Because we’re using the symbol something as is, Clojure is namespace qualifying, as you’d expect. Now that you know what the back-quote mechanism itself is, we can return to the expansion of make-synonym:

user> (macroexpand-1 '(make-synonym b binding))
(clojure.core/defmacro b [& user/stuff]
  (clojure.core/seq (clojure.core/concat (clojure.core/list user/old-name)
                                                      user/stuff)))

Here, the symbol b gets substituted as part of the expansion of the outer back-quote expansion. Because we don’t explicitly quote the symbol stuff, it gets namespace qualified (we’ll need to fix that soon). To understand what’s happening to old-name inside the nested back quote, let’s look at the following:

user> (defmacro back-quote-test []
        ``(~something))
#'user/back-quote-test

user> (macroexpand '(back-quote-test))
(clojure.core/seq (clojure.core/concat (clojure.core/list user/something)))

If you compare this to the previous version of back-quote-test and the expansion it generated, you’ll notice that user/something is no longer wrapped in a quote form. This is again as expected, because we’re unquoting it using the ~ reader macro. This explains why the nested back-quote form of the make-synonym macro expands with user/old-name as it does. Again, we’ll need to fix this problem because we don’t want the symbol old-name but the argument passed in.

Finally, in order to see what’s going on with the unquote splicing and the stuff symbol, let’s look at the following simpler example:

user> (defmacro back-quote-test []
        ``(~@something))
#'user/back-quote-test

user> (macroexpand '(back-quote-test))
(clojure.core/seq (clojure.core/concat user/something))

If you now compare this version of the expansion with the previous one, you’ll note that user/something is no longer wrapped in a call to list. This is in line with our expected behavior of unquote-slice in that it doesn’t add an extra set of parentheses.

At this point, we’ve walked through the complete expansion of our make-synonym macro. The only problem is that it still doesn’t do what we intended it to do. The two problems we identified were that both stuff and old-name weren’t being expanded correctly. Let’s fix stuff first. Consider the following change to make-synonym:

(defmacro make-synonym [new-name old-name]
  `(defmacro ~new-name [& ~'stuff]
     `(~old-name ~@~'stuff)))

Here’s the expansion:

user> (macroexpand-1 '(make-synonym b binding))
(clojure.core/defmacro b [& stuff]
  (clojure.core/seq (clojure.core/concat
                          (clojure.core/list user/old-name) stuff)))

Finally, we’ll fix the issue with user/old-name:

(defmacro make-synonym [new-name old-name]
  `(defmacro ~new-name [& ~'stuff]
     `(~'~old-name ~@~'stuff)))

And here’s the expansion:

user> (macroexpand-1 '(make-synonym b binding))
(clojure.core/defmacro b [& stuff]
  (clojure.core/seq (clojure.core/concat
    (clojure.core/list (quote binding)) stuff)))

To check to see if this is what we expect, let’s compare it with our original template:

(defmacro b [& stuff]
  `(binding ~@stuff))

This is indeed what we set out to do, and you can test it as follows:

user> (declare x y)
#'user/y

user> (make-synonym b binding)
#'user/b

user> (b [x 10 y 20] (println "X,Y:" x y))
X,Y: 10 20
nil

Phew, we’re finished.
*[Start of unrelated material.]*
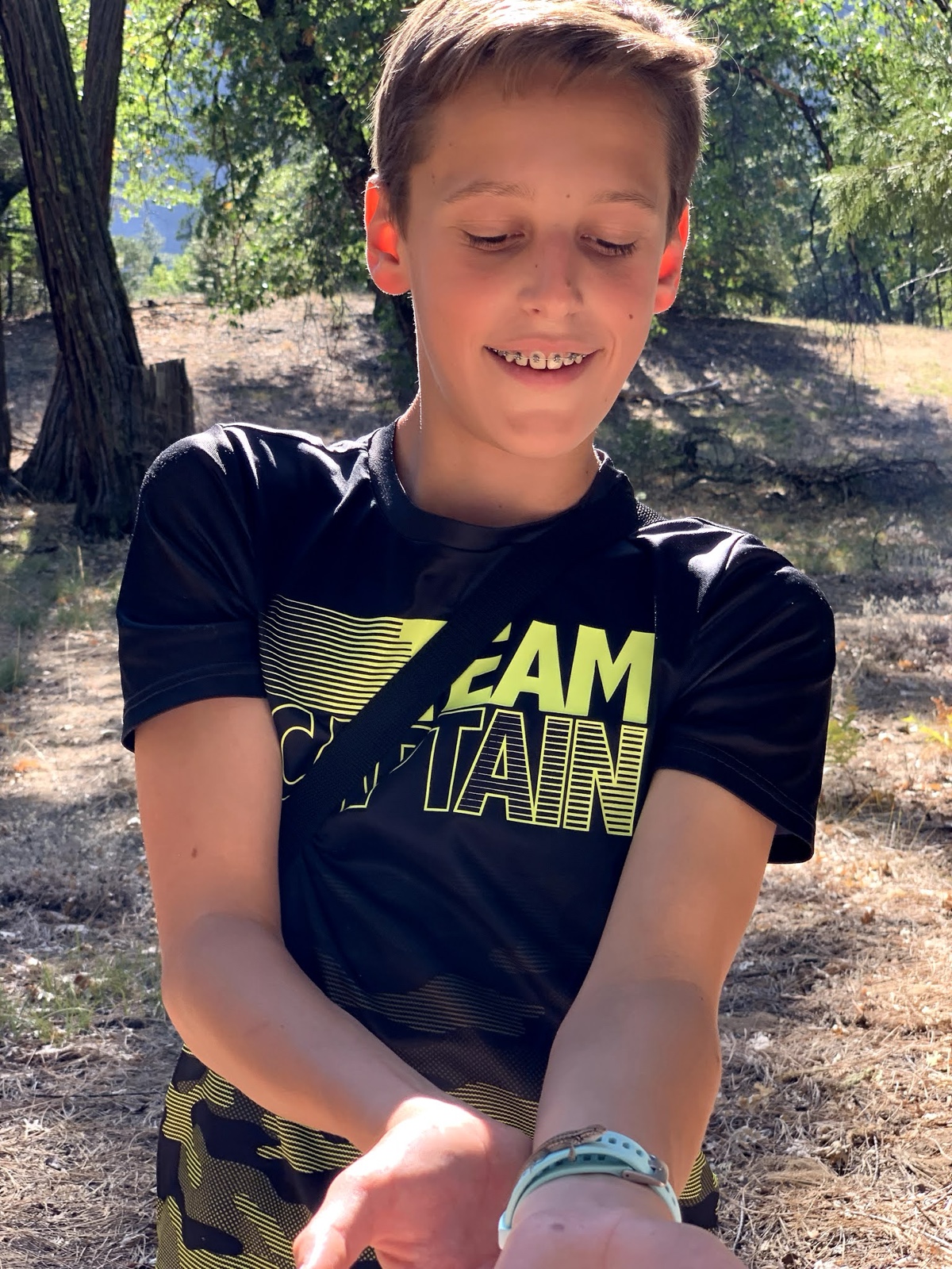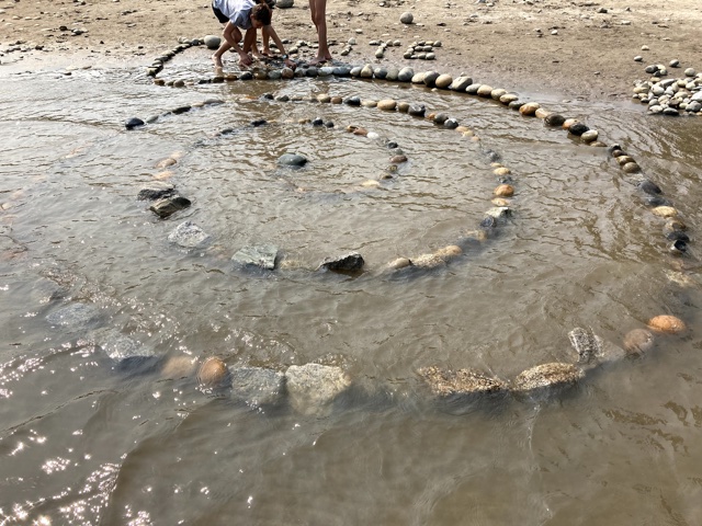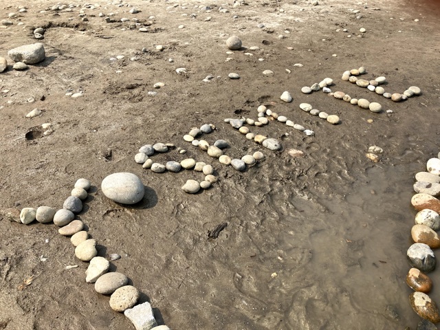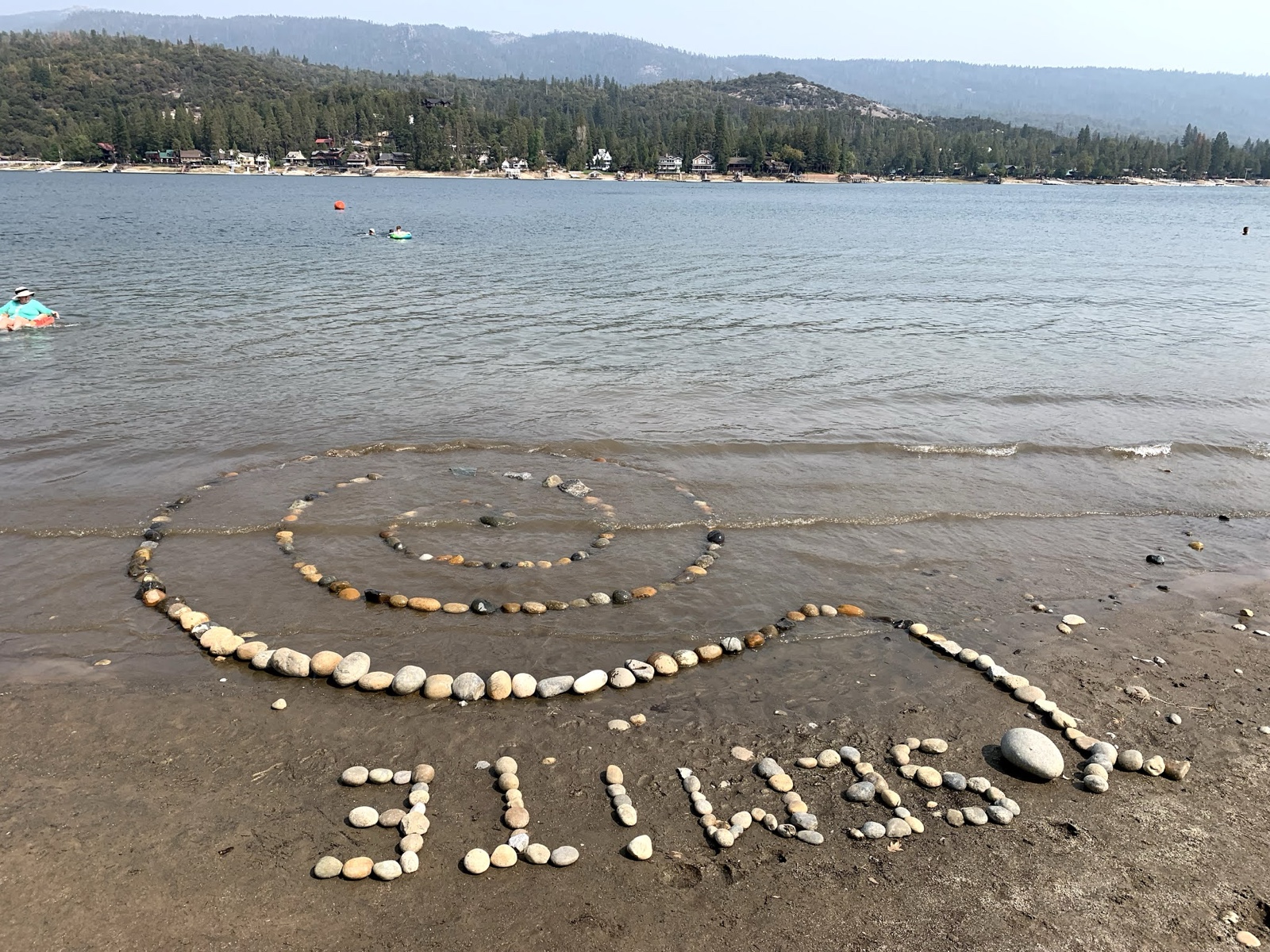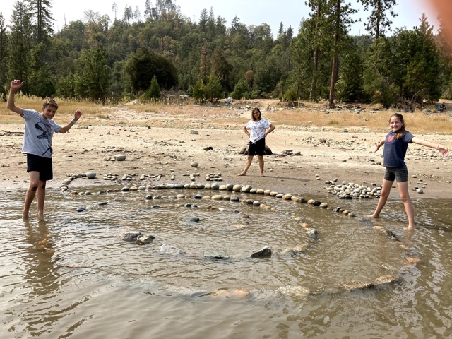 The kids collected a big pile of rocks and then turned them into this spiral, with the word "Yosemite" at the top.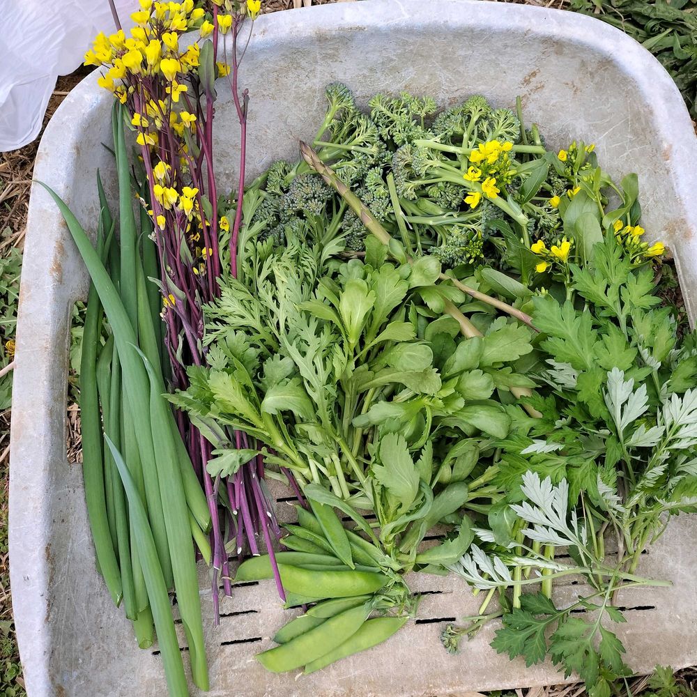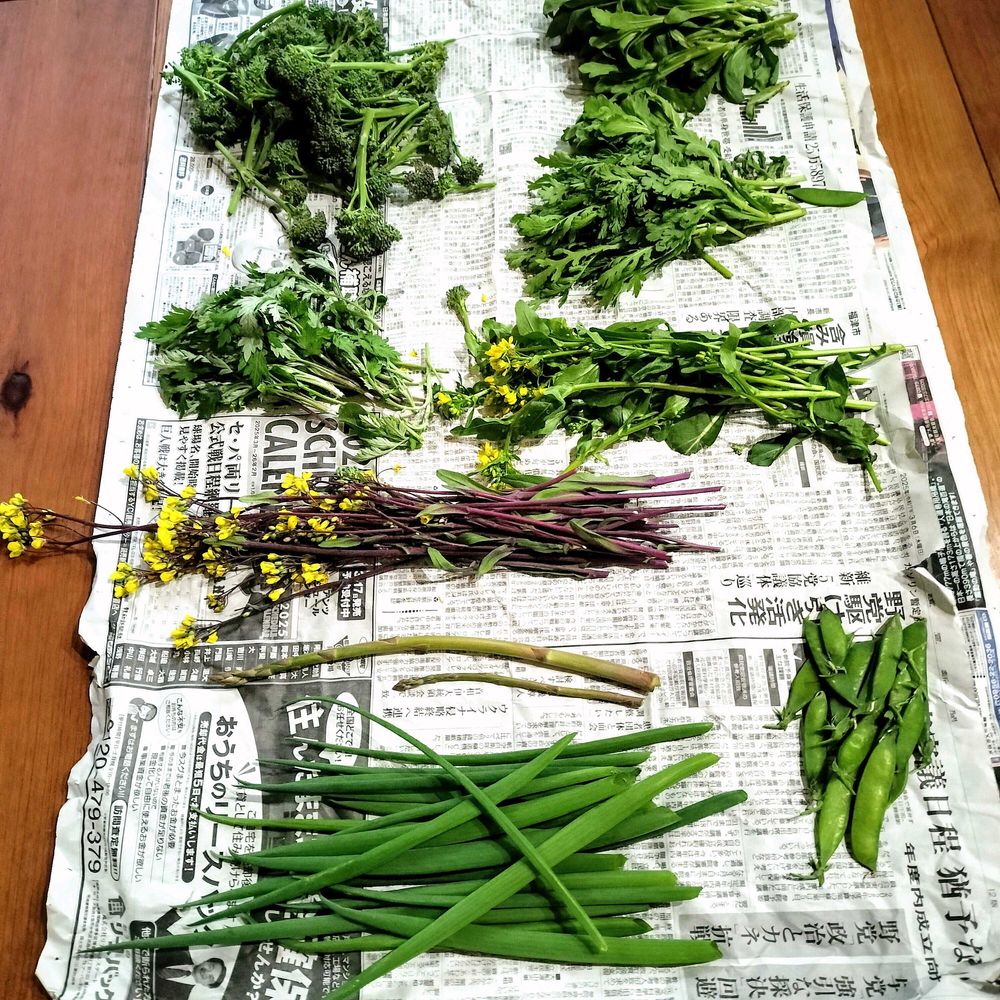 紅菜苔、ネギ、サラダスティック、美笹エンドウ

That was a lot of calisthenics for three lines of code. We’ll wrap up this section with why we even bothered with this somewhat esoteric code.
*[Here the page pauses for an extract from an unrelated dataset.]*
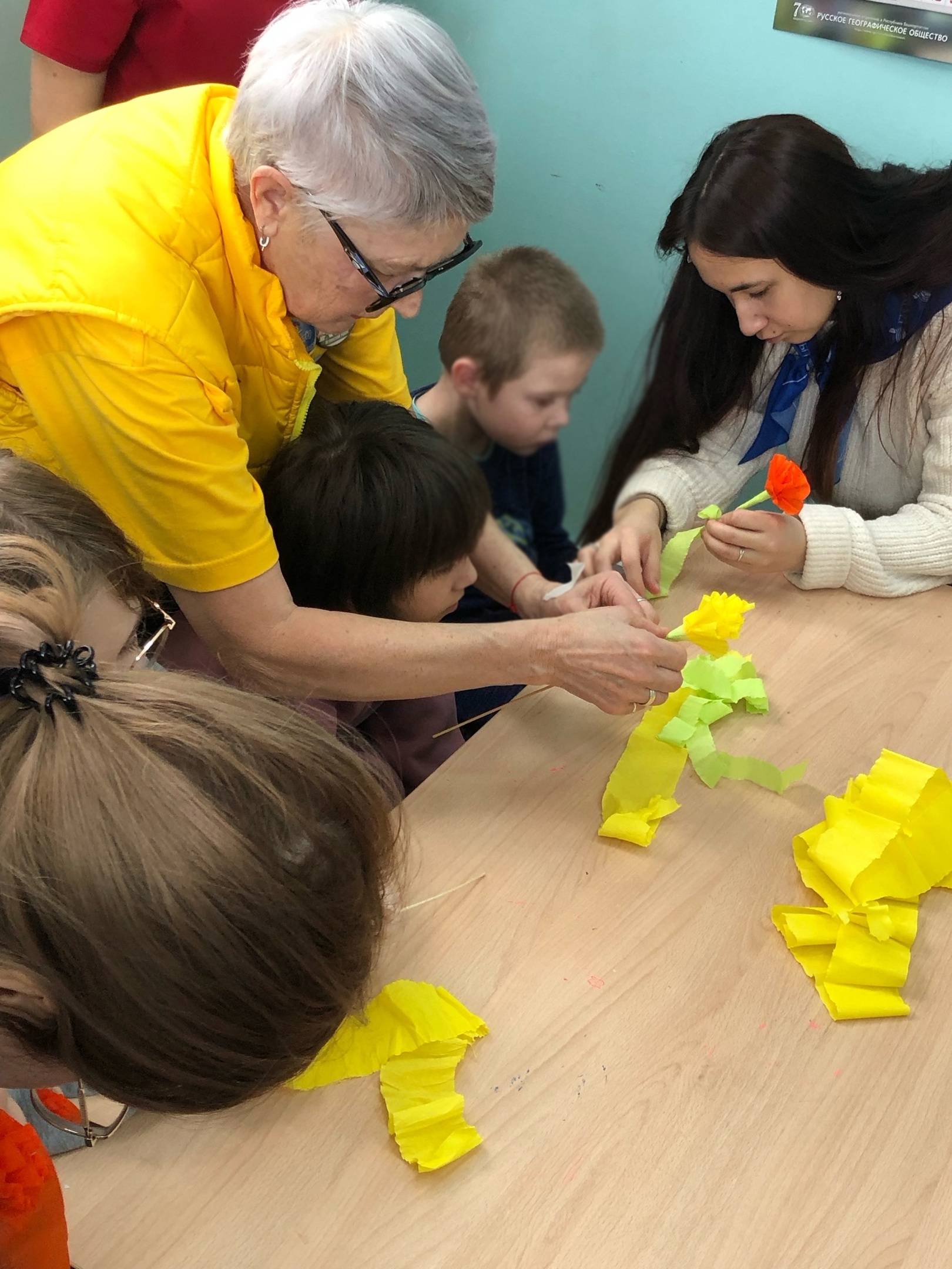 Затем, под руководством волонтеров, дети и подростки изготовили этот замечательный цветок своими руками во имя Памяти тех, кто подарил нам мирную жизнь.
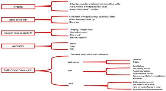 Five key themes were identified from respondents’ responses regarding saddle fit issues they encountered most frequently: (1) saddle ‘bridges’, (2) the saddle just ‘does not fit’, (3) the impact of the horse on saddle fit, (4) asymmetry, and (5) the saddle ‘visibly’ does not fit (Figure 4).

Why macro-generating macros

There are at least two reasons why it’s useful to know how to write macros that generate macros. The first is the same reason you’d write any other kind of macro: to create abstractions that remove the duplication that arises from patterns in the code. This is important when these duplications are structural and are difficult to eliminate without some form of code generation. Clojure macros are an excellent tool to do this job, because they give the programmer the full power of Clojure to do it. The fact that code generation is a language-level feature does pull its weight.

Having said this, although writing macros is a common thing to do in a Clojure program, it isn’t often the case that a macro generates another macro. You’ll probably do it only a handful of times in your career. Combined with the other usages you’ve seen, such as moving computation to compile time and intentional symbol capture—the few times when you do need macros to abstract patterns out of macros them-selves—writing macros to generate macros can lead to a solution that would be difficult without the technique.

The second reason, and the more commonly useful one, for knowing this concept is to drive home the process of macro expansion, quoting, and unquoting. If you can understand and write macros that generate macros, then you’ll have no trouble writing simpler ones.

With these topics about macro writing out of the way, we’re ready to move on to a couple of examples. In the next section, we’ll look at using macros to create domain-specific languages (DSLs).

15.2. Domain-specific languages

We’re now going to look at explicitly doing something we’ve been doing implicitly so far. In several chapters, we’ve written macros that appear to add features to the Clojure language itself. An example is def-worker, which allowed us to create functions that can run on multiple worker machines in a cluster. We also created a simple object system with most of the semantics of regular object-oriented languages. We created def-modus-operandi, which allowed multimethods to be used in a manner similar to Clojure protocols. We won’t list all the other examples here, because it should be clear that macros have helped us in presenting our abstractions as a convenient feature of the language.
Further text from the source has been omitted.